## [Dataset content]
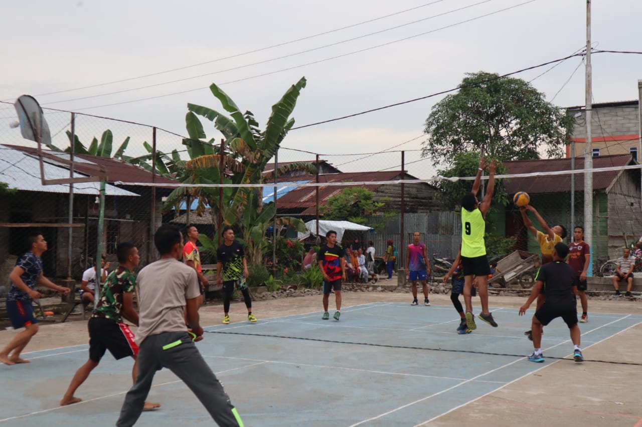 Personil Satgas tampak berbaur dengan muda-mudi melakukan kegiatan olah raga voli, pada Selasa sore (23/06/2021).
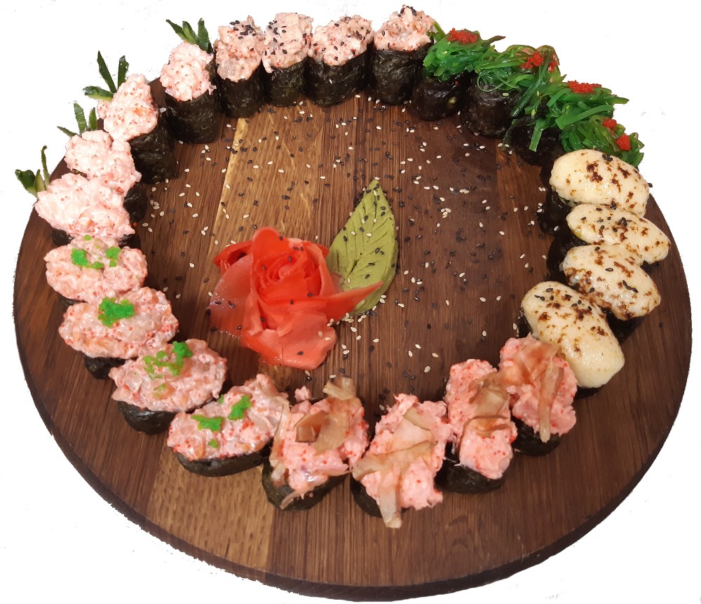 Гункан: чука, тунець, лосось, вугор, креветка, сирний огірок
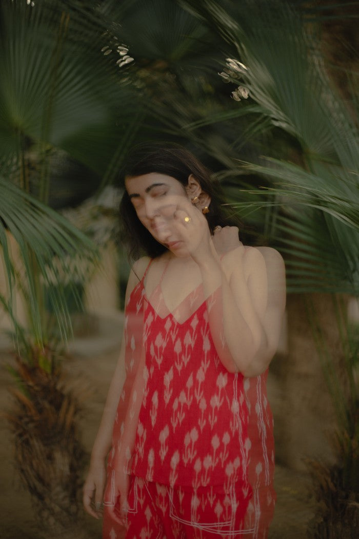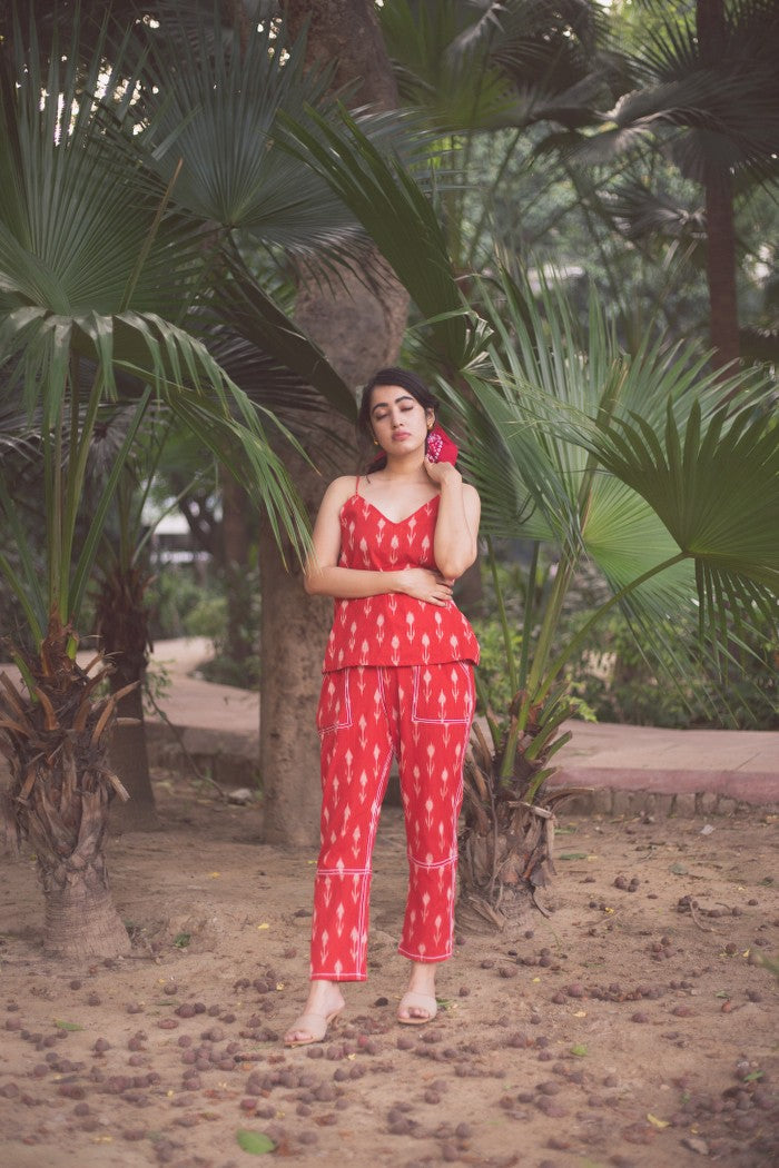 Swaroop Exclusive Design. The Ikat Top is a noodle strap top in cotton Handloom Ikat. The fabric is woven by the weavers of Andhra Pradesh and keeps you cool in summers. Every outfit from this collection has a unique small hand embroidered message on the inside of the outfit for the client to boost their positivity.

## [Instructions to follow]
Please produce an exact copy of all the material, leaving out the pictures.

## [Answer below]
 Personil Satgas tampak berbaur dengan muda-mudi melakukan kegiatan olah raga voli, pada Selasa sore (23/06/2021).
 Гункан: чука, тунець, лосось, вугор, креветка, сирний огірок
 Swaroop Exclusive Design. The Ikat Top is a noodle strap top in cotton Handloom Ikat. The fabric is woven by the weavers of Andhra Pradesh and keeps you cool in summers. Every outfit from this collection has a unique small hand embroidered message on the inside of the outfit for the client to boost their positivity.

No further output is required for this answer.